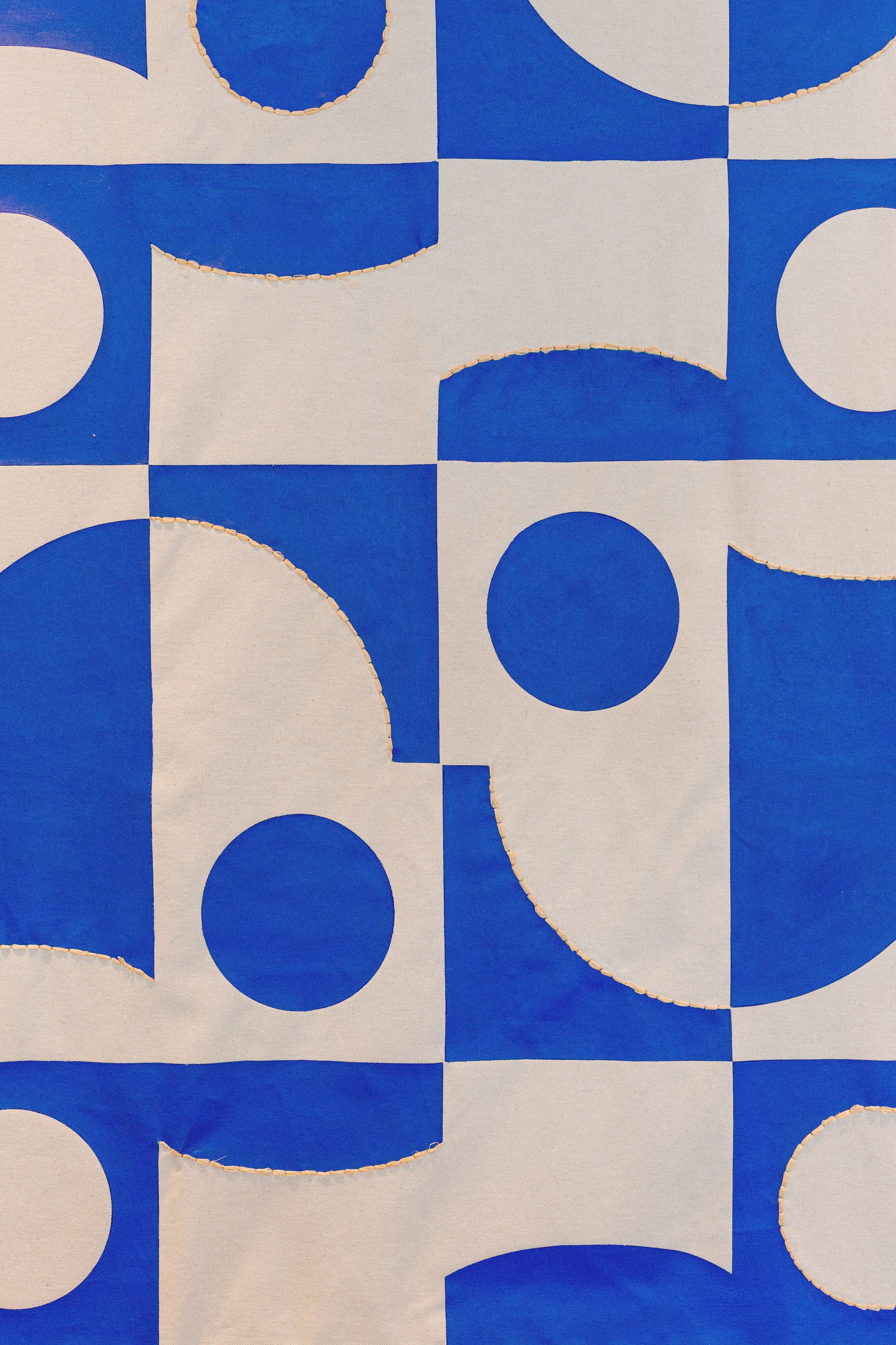 Circles and arches shift across a grid of deep ultramarine and white, creating a visual choreography where form seems to move within stillness.
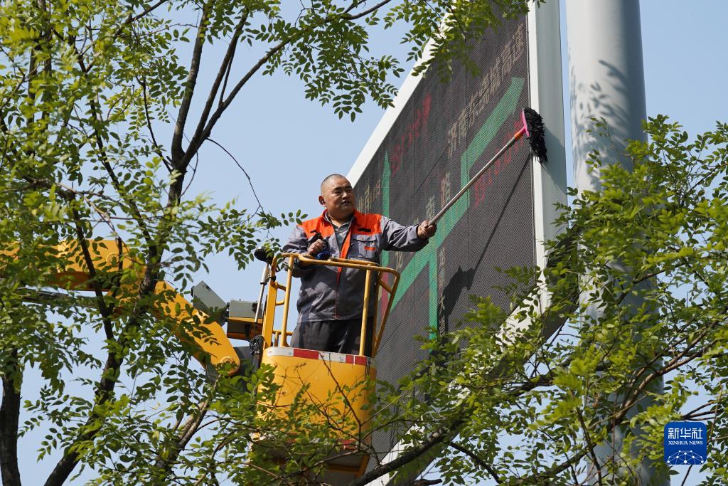 10月17日,保潔人員在清理交通信息牌。
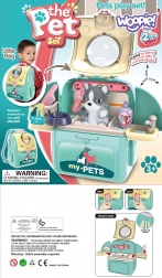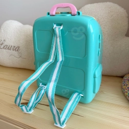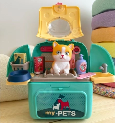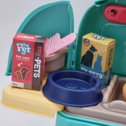 Entdecke das kompakte 2-in-1-Set – einen niedlichen Rucksack/Transporter mit Sichtfenster und einen vollständigen mini Pflegesalon für Haustiere im Inneren. Kinder können das Kätzchen im Becken mit Wasserhahn baden, kämmen, schneiden und danach aus den Näpfen füttern. Verriegelbare Türen und ein abnehmbarer Gurt sorgen für bequemes und sicheres Tragen.
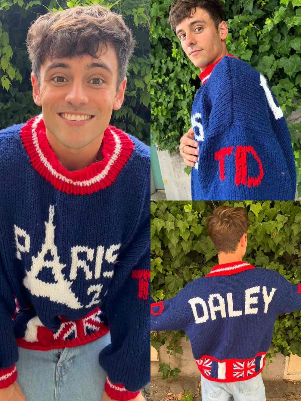其實早在七月時,Tom Daley就在自己的毛衣品牌「Made With Love By Tom Daley」官方IG發佈過設計的手稿,這次的毛衣他以英國國旗的藍、紅、白作為主要色系,並且在毛衣的正面織上「Paris、24、巴黎鐵塔」等奧運相關元素,背面則是以自己的名字「Daley」做點綴。
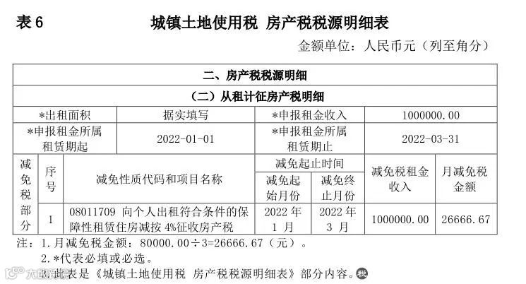 3. 房产税。由于第24号公告规定的房产税优惠对象仅限于出租给个人和专业化规模化住房租赁企业,所以,甲公司不符合优惠条件。但根据财税〔2019〕13号文件和当地实际情况,其可以享受小规模纳税人房产税减半优惠,即应缴纳房产税=1000000÷(1+5%)×12%×50%=57142.86(元)。
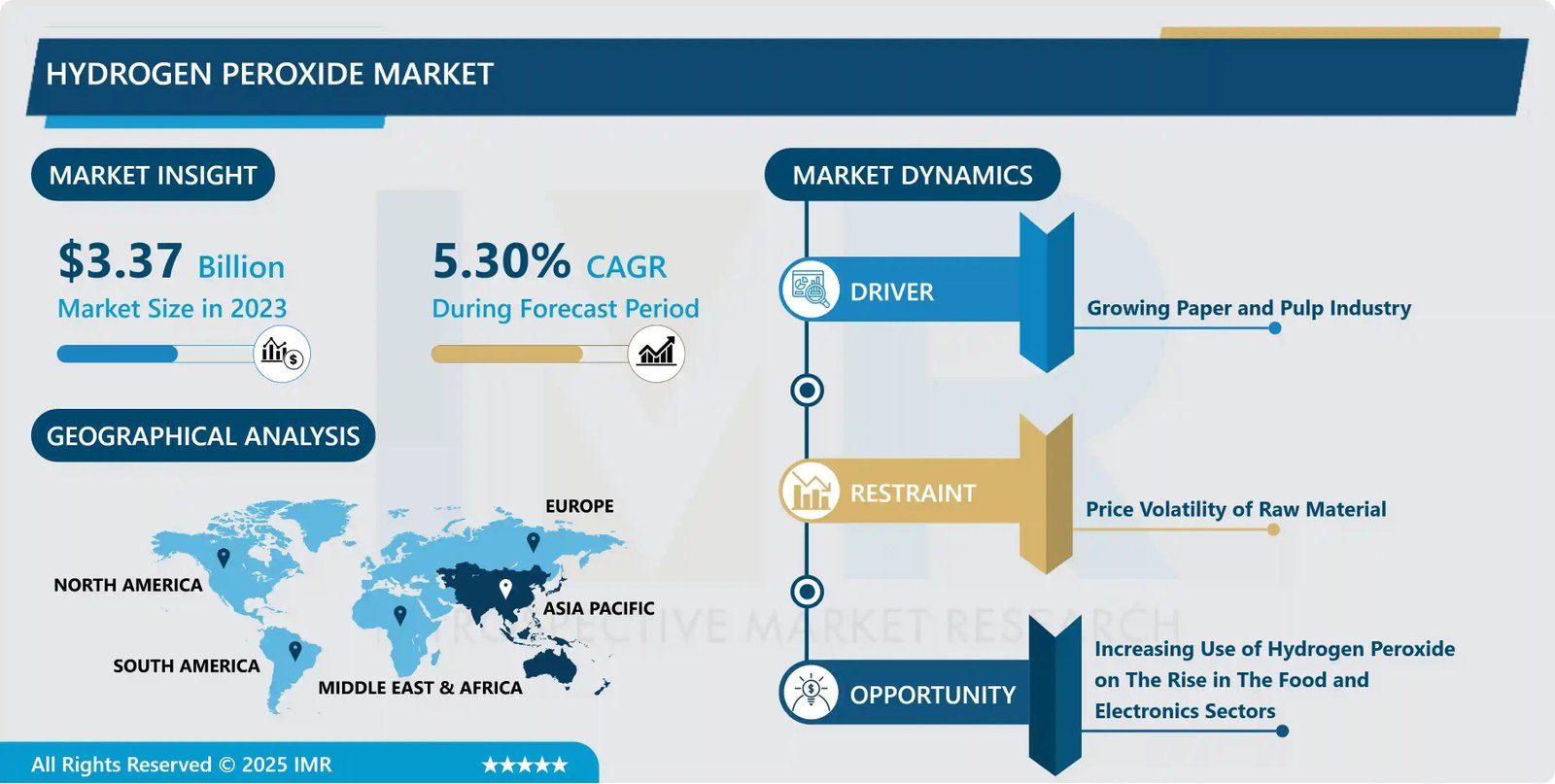 According to a new report published by Introspective Market Research, Hydrogen Peroxide Market by Product Concentration, Application, and End-Use Industry, The Global Hydrogen Peroxide Market Size Was Valued at USD 3.37 Billion in 2023 and is Projected to Reach USD 5.36 Billion by 2032, Growing at a CAGR of 5.30% From 2024–2032.”
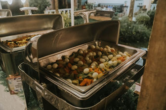 •Basic Design Set-up for the Venue •Presidential (VIP) table with sophisticated set-up •Round tables with cloth and centerpiece for the guests •White-colored Tiffany chairs with cushions, elegant •Centerpiece for guest tables (fresh flowers per table—add Php 250++) •Buffet table with centerpiece and lighting •Roll-top chafing dish with fuel can holder •Drinks and water station table •Sets of complete utensils •Registration, cake table, gift, and giveaway tables •Comfortable couch for the couple/s •Well-trained waiters and food and beverage attendants in uniform ** Design or theme will be coordinated with our in-house catering.
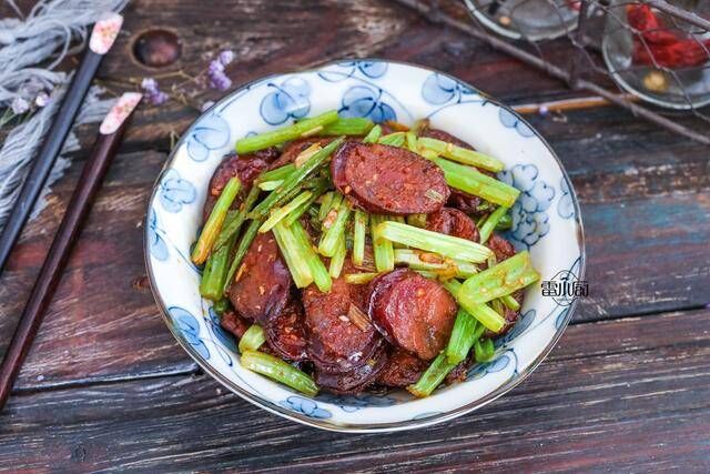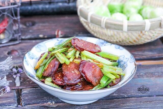 小厨今天带来的这腊肠,也并非自家做的,也是买来的, 一般买来的腊肠,为了可以储存更长的时间,商家都加了大量的食盐,所以味道会偏咸,像腊肉,咸肉都一样,如果是买的,烹饪之前,有一个动作一定不能少,否则又咸又难以下咽,那就是得下锅煮五分钟,把它的咸味煮出来,再加点芹菜一起翻炒,味道就绝了。简值就是天生一对的,炒出来香喷喷的,好吃又下饭。来,米饭给我先上三碗。不说了,先吃了。
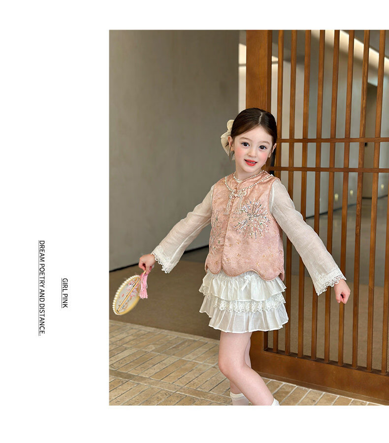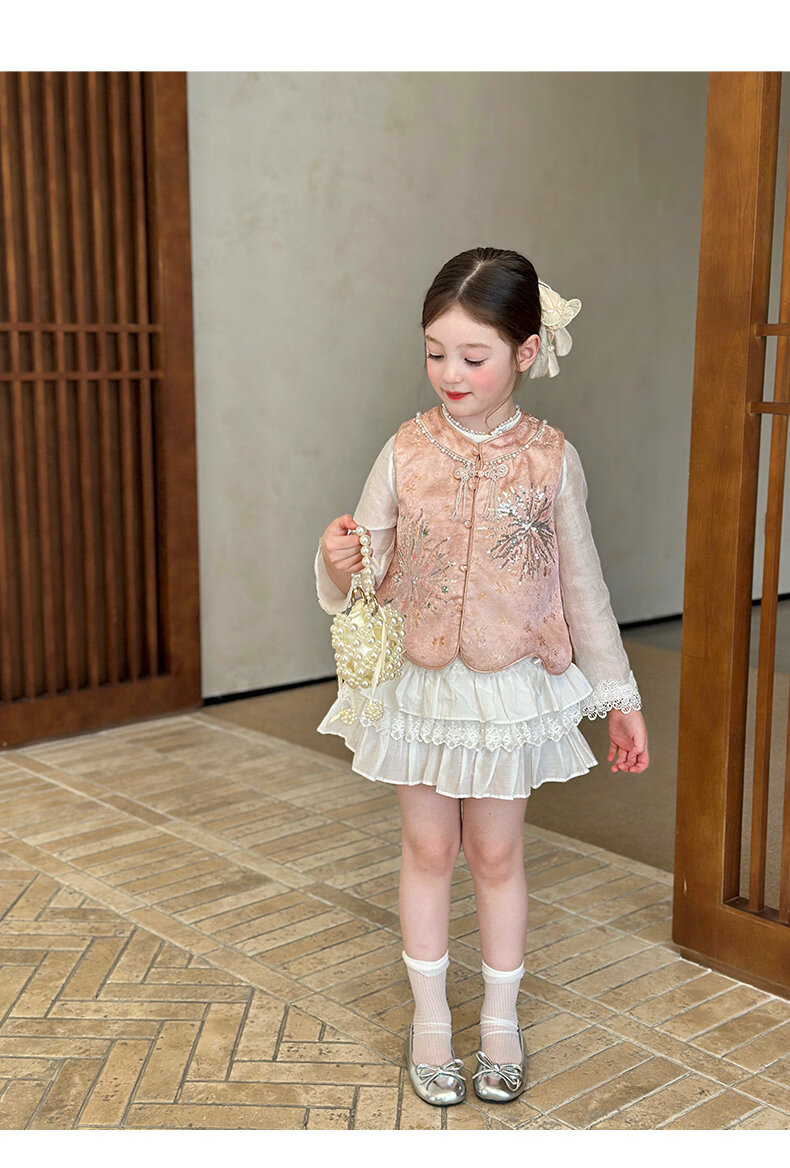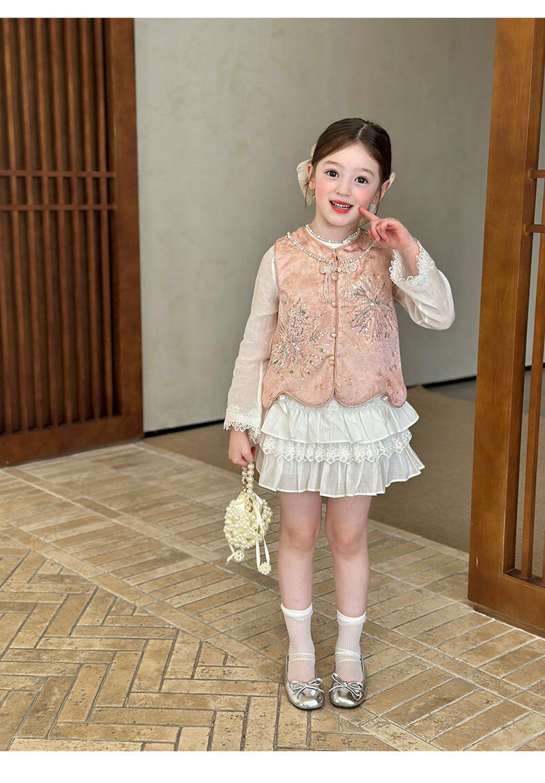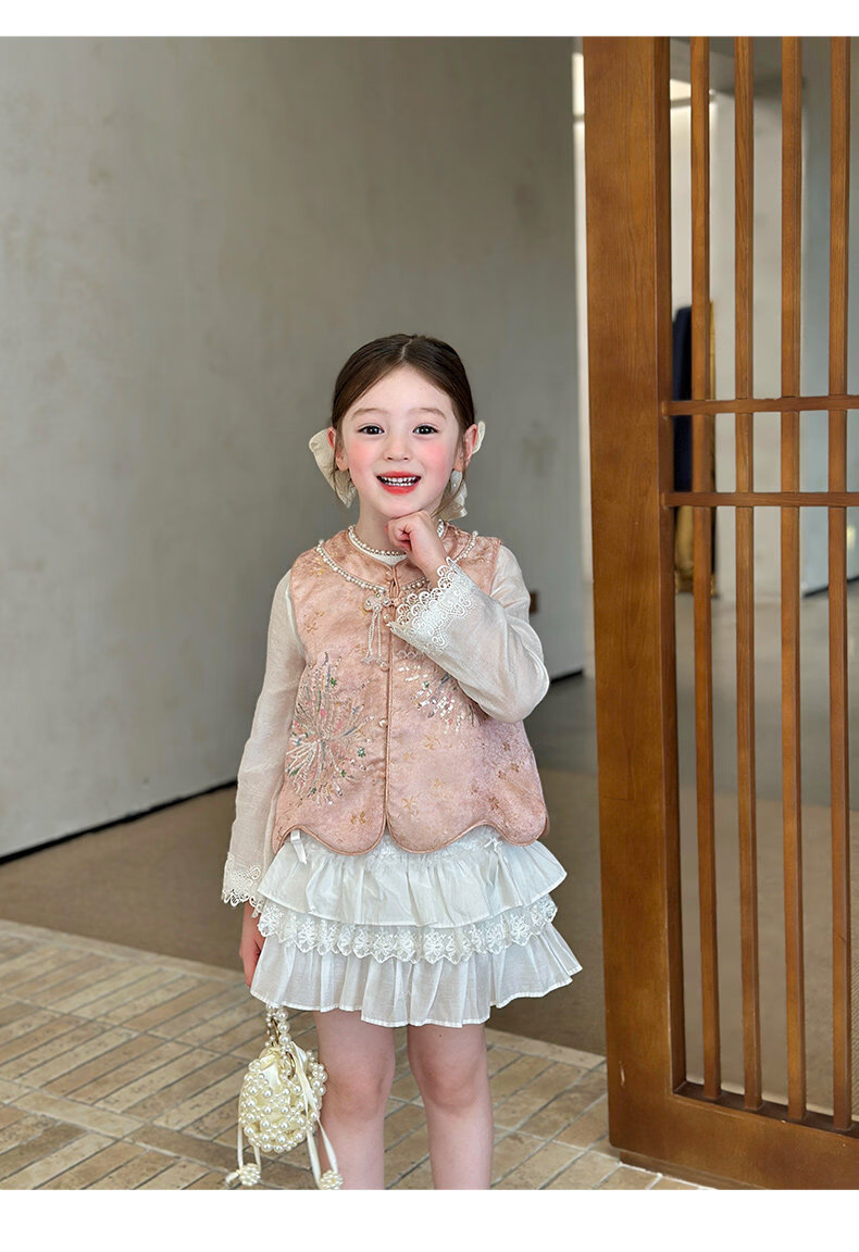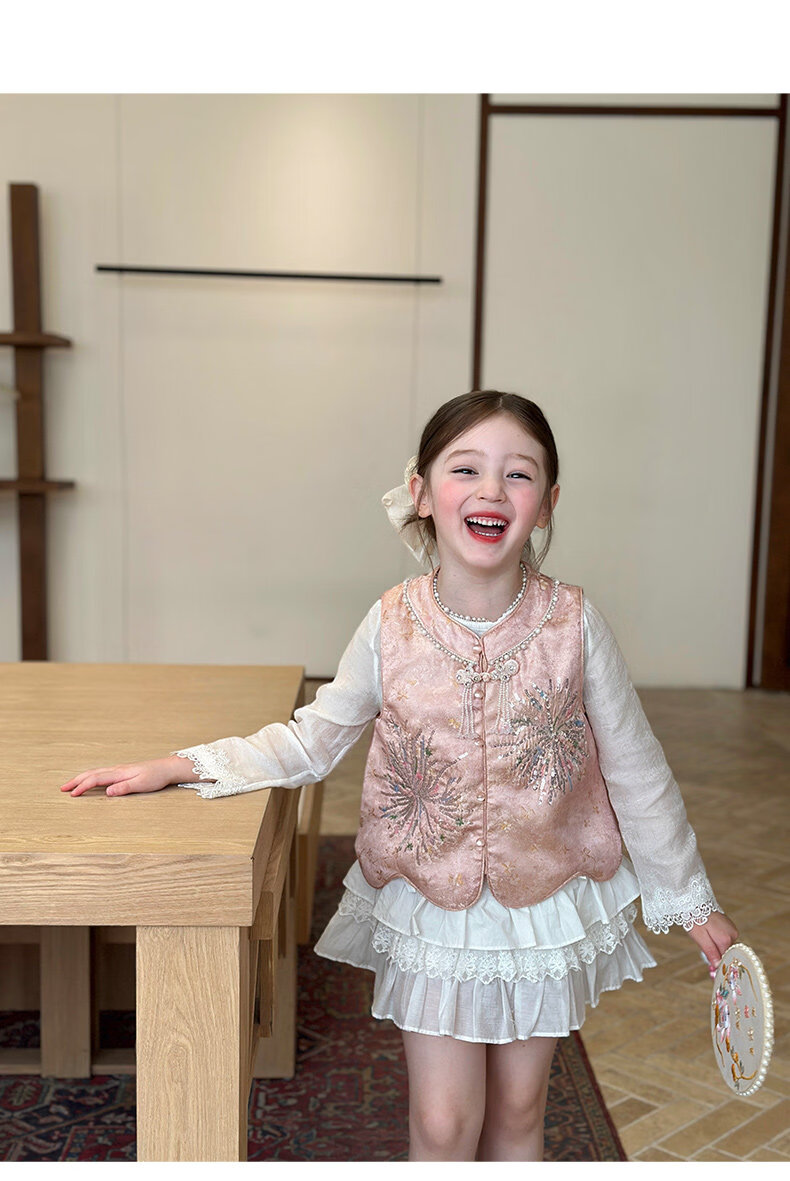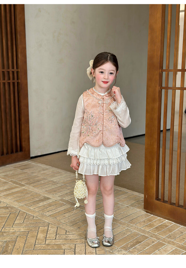 栀了成长记童装女童新中式圆领马甲2026春季儿童国风亮片无袖上衣 粉色 马甲 100 cm

TASK DESCRIPTION
At the line containing "Entdecke das kompakte", start reproducing exactly, and stop after the last line of the listing; include both ends, and leave the pictures out.

REPLY TO THE TASK
 Entdecke das kompakte 2-in-1-Set – einen niedlichen Rucksack/Transporter mit Sichtfenster und einen vollständigen mini Pflegesalon für Haustiere im Inneren. Kinder können das Kätzchen im Becken mit Wasserhahn baden, kämmen, schneiden und danach aus den Näpfen füttern. Verriegelbare Türen und ein abnehmbarer Gurt sorgen für bequemes und sicheres Tragen.
其實早在七月時,Tom Daley就在自己的毛衣品牌「Made With Love By Tom Daley」官方IG發佈過設計的手稿,這次的毛衣他以英國國旗的藍、紅、白作為主要色系,並且在毛衣的正面織上「Paris、24、巴黎鐵塔」等奧運相關元素,背面則是以自己的名字「Daley」做點綴。
 3. 房产税。由于第24号公告规定的房产税优惠对象仅限于出租给个人和专业化规模化住房租赁企业,所以,甲公司不符合优惠条件。但根据财税〔2019〕13号文件和当地实际情况,其可以享受小规模纳税人房产税减半优惠,即应缴纳房产税=1000000÷(1+5%)×12%×50%=57142.86(元)。
 According to a new report published by Introspective Market Research, Hydrogen Peroxide Market by Product Concentration, Application, and End-Use Industry, The Global Hydrogen Peroxide Market Size Was Valued at USD 3.37 Billion in 2023 and is Projected to Reach USD 5.36 Billion by 2032, Growing at a CAGR of 5.30% From 2024–2032.”
 •Basic Design Set-up for the Venue •Presidential (VIP) table with sophisticated set-up •Round tables with cloth and centerpiece for the guests •White-colored Tiffany chairs with cushions, elegant •Centerpiece for guest tables (fresh flowers per table—add Php 250++) •Buffet table with centerpiece and lighting •Roll-top chafing dish with fuel can holder •Drinks and water station table •Sets of complete utensils •Registration, cake table, gift, and giveaway tables •Comfortable couch for the couple/s •Well-trained waiters and food and beverage attendants in uniform ** Design or theme will be coordinated with our in-house catering.
 小厨今天带来的这腊肠,也并非自家做的,也是买来的, 一般买来的腊肠,为了可以储存更长的时间,商家都加了大量的食盐,所以味道会偏咸,像腊肉,咸肉都一样,如果是买的,烹饪之前,有一个动作一定不能少,否则又咸又难以下咽,那就是得下锅煮五分钟,把它的咸味煮出来,再加点芹菜一起翻炒,味道就绝了。简值就是天生一对的,炒出来香喷喷的,好吃又下饭。来,米饭给我先上三碗。不说了,先吃了。
 栀了成长记童装女童新中式圆领马甲2026春季儿童国风亮片无袖上衣 粉色 马甲 100 cm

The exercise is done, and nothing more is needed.